▶ _Work order_
From the listing that follows, reproduce only the lines from the one holding "155Apple MacBook Air" through the one holding "#7. 【退院時処方】 バイアスピリン(100)", both included, with no pictures.

▶ _Recorded information_

§

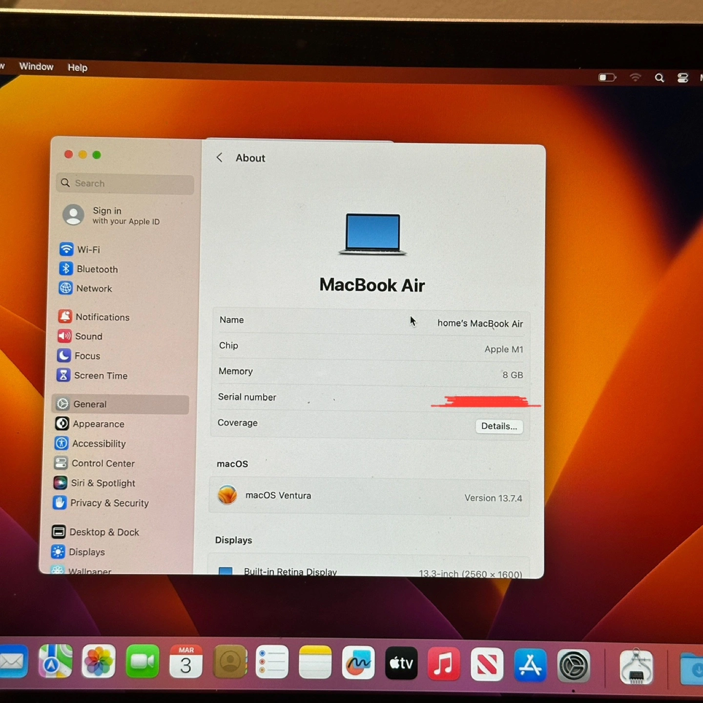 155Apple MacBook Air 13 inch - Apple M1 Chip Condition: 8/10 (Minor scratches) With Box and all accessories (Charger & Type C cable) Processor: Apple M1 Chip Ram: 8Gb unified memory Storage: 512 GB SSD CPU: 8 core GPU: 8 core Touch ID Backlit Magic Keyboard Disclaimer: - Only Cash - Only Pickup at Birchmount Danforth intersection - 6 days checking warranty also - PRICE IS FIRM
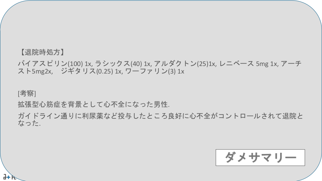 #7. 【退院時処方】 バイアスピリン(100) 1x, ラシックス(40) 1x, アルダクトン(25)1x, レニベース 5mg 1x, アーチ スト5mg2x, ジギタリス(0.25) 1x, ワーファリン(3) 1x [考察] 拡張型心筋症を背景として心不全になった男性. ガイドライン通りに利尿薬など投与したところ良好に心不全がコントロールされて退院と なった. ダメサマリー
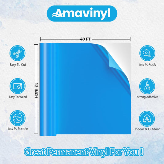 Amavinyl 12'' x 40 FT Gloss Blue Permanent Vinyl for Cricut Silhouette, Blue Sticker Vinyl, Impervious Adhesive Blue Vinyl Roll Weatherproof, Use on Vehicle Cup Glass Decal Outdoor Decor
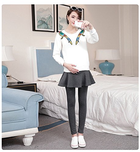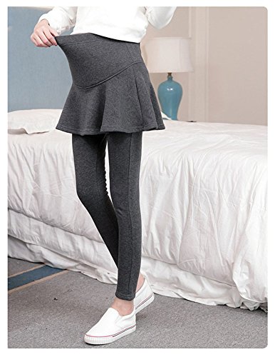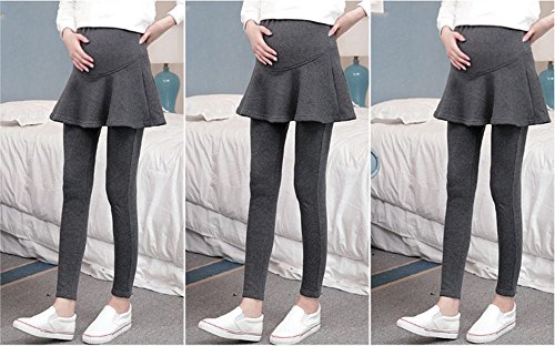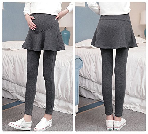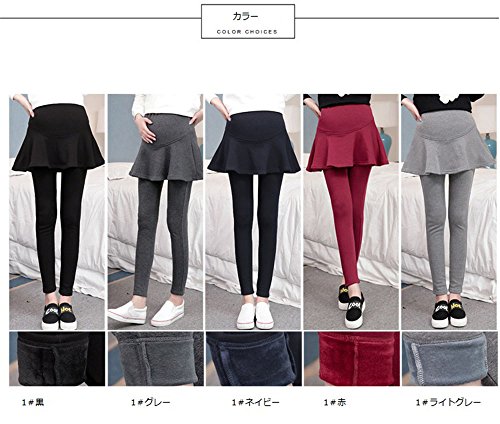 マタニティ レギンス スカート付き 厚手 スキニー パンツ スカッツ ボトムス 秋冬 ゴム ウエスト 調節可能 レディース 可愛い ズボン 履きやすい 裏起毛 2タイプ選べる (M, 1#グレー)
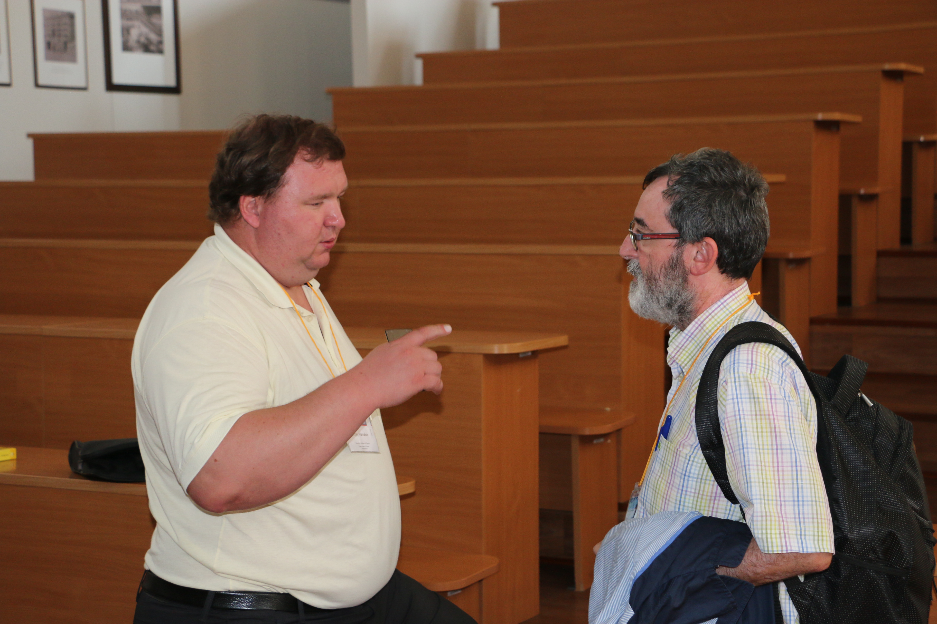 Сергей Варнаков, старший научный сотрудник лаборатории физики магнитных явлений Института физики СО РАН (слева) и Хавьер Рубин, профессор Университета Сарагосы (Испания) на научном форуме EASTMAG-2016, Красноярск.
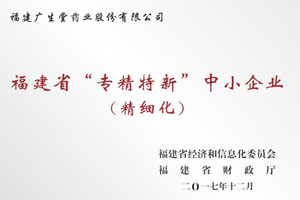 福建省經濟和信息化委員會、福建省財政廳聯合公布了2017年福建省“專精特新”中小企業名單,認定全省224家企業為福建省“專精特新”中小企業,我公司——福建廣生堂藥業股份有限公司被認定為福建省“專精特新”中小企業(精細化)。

§

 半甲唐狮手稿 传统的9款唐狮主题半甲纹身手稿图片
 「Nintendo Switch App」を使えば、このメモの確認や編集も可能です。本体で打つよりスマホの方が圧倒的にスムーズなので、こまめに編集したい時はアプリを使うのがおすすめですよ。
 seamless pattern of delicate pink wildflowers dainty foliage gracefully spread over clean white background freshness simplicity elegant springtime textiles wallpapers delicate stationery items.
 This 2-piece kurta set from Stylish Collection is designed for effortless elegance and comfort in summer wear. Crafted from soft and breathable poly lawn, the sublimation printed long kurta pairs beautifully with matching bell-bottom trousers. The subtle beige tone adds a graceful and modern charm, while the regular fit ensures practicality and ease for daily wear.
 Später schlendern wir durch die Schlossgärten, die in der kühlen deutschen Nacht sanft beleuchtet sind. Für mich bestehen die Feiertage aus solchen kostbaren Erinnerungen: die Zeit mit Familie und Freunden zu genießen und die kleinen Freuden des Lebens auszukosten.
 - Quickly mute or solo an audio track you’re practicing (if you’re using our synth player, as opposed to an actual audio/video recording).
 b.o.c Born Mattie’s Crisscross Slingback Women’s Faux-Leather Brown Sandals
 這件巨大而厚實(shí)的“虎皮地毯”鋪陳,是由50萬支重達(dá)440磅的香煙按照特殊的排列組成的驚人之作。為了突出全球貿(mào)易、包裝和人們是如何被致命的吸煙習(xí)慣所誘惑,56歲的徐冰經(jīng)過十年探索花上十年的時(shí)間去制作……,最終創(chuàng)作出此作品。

§

▶ _Your response_
 155Apple MacBook Air 13 inch - Apple M1 Chip Condition: 8/10 (Minor scratches) With Box and all accessories (Charger & Type C cable) Processor: Apple M1 Chip Ram: 8Gb unified memory Storage: 512 GB SSD CPU: 8 core GPU: 8 core Touch ID Backlit Magic Keyboard Disclaimer: - Only Cash - Only Pickup at Birchmount Danforth intersection - 6 days checking warranty also - PRICE IS FIRM
 #7. 【退院時処方】 バイアスピリン(100) 1x, ラシックス(40) 1x, アルダクトン(25)1x, レニベース 5mg 1x, アーチ スト5mg2x, ジギタリス(0.25) 1x, ワーファリン(3) 1x [考察] 拡張型心筋症を背景として心不全になった男性. ガイドライン通りに利尿薬など投与したところ良好に心不全がコントロールされて退院と なった. ダメサマリー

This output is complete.